## WORK INSTRUCTION
Among the entries that follow, some lines contain the word "food". Show all of them.

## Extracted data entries

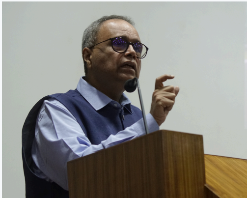
Hon'ble Justice Bagchi
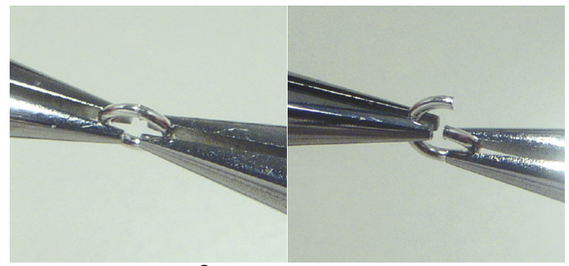
Step 5) Then push the Snapeez<sup>®</sup> back toward the opening and BRUSH the sides of the opening together with your dominant hand and you should hear a SNAP ! Remember... BRUSH...SNAP ...

bit. The sides of the opening of the Snapeez<sup>®</sup> should BRUSH against each other.
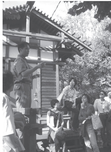
Figure 5. Tour of Danny Woo Community Garden in Seattle's International District.
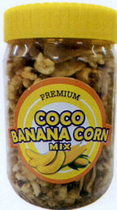
Figure 1. Unregistered PREMIUM COCO Banana Corn Mix

The Food and Drug Administration (FDA) warns all healthcare professionals and the general public NOT TO PURCHASE AND CONSUME the following unregistered food products:
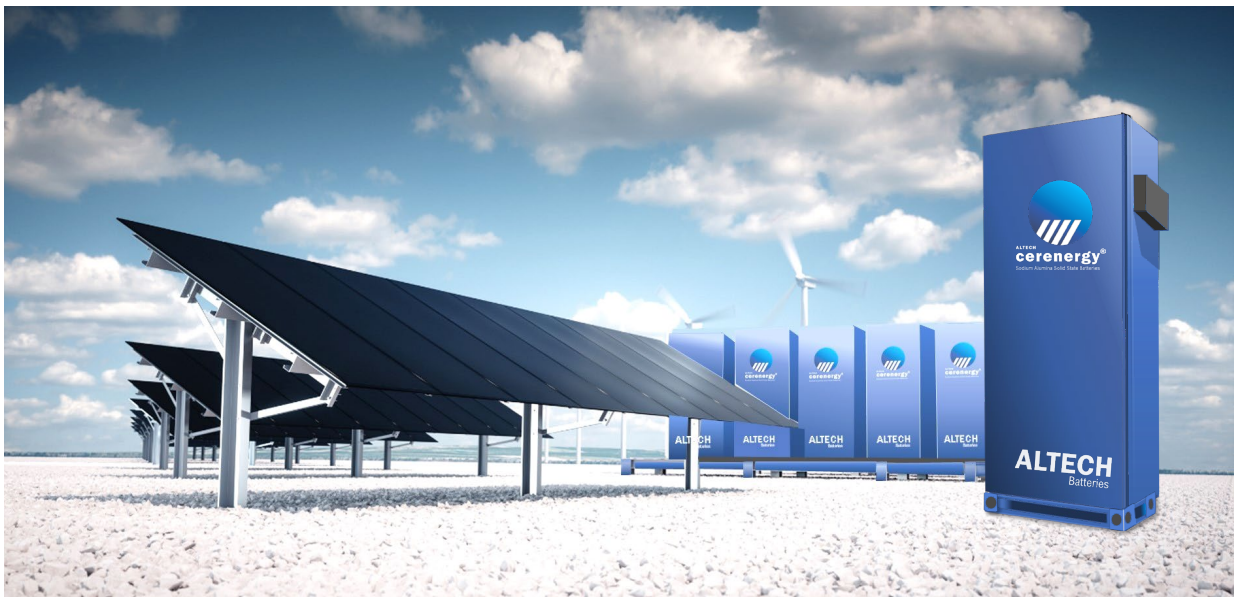
ABS60 CERENERGY® Battery Packs ideally suited for Renewable Energy Storage

Combining wind and solar with battery storage offers many advantages. The Wheatridge Renewable Energy Project in Oregon is a typical example of how combining renewable energy sources with battery storage can help provide reliable, sustainable energy as utility companies look to reduce carbon emissions. In these kind of applications, large battery systems are installed close to solar and wind farms. Typically, lithium-ion batteries have largely been used by utilities to store renewable energy when the sun sets or the wind stops blowing. However, existing utility-scale storage can only discharge energy for up to four hours at a time, meaning that systems aren't able to provide widespread power for a longer period of time (eg: over the night period). There is a need for middle and long-duration batteries that provide sustained power for longer periods.
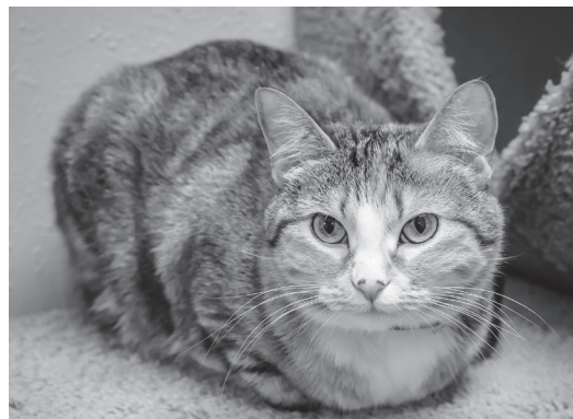
Hi! My name is Annie.

enjoy being loved on and brushed; I also love to play with a laser pointer - it is great exercise for me and not much effort for you! I had some painful stomach issues upon arriving at StreetCats. They found I had irritable bowel disease so I must be on special food and treats for the rest of my life. I'm so ready to go home with someone I trust, and to a place I can feel safe and be myself. Please come visit soon!
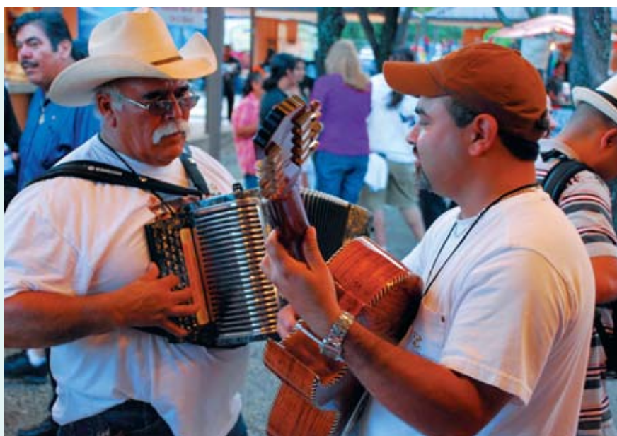
Figure 3 Two musicians informally jamming at the Tejano Conjunto Festival en San Antonio, May, 2010.
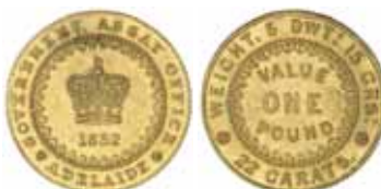
1312* Adelaide pound , 1852, second type with crenellated inner circle on the reverse. Early die state, surface marks, underlying brilliance, possibly has been mounted, extremely fine or better. $12,500
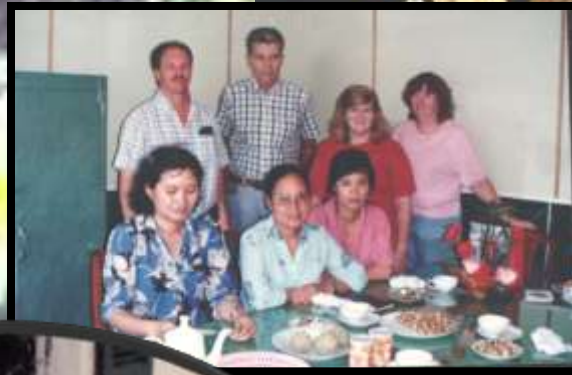
Working with some orphanages
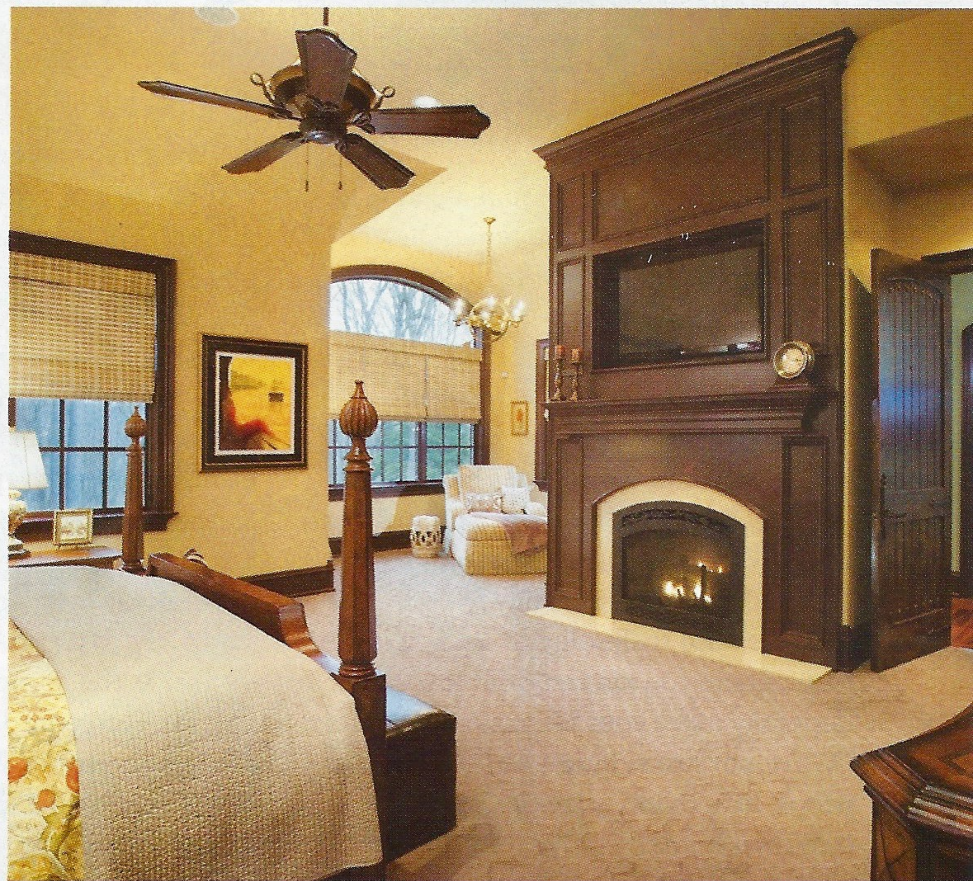
CHALET INSPIRED: (Clockwise from opposite page) The kitchen's stonework and curved archways are among the countless custom touches throughout the Mostoller home; a two-story fireplace and post-and-beam ceiling lend a sense of drama to the living room; another fireplace brings relaxed elegance to the master bedroom; in the master bathroom, a shimmering glass-tile wall hides the walk-around shower.
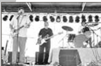
11/4-5 Earl and Them

9pm Showtimes 3 Bands, 6 Big Weekend Nights

## RESULT FOR THIS EXERCISE
The Food and Drug Administration (FDA) warns all healthcare professionals and the general public NOT TO PURCHASE AND CONSUME the following unregistered food products:
enjoy being loved on and brushed; I also love to play with a laser pointer - it is great exercise for me and not much effort for you! I had some painful stomach issues upon arriving at StreetCats. They found I had irritable bowel disease so I must be on special food and treats for the rest of my life. I'm so ready to go home with someone I trust, and to a place I can feel safe and be myself. Please come visit soon!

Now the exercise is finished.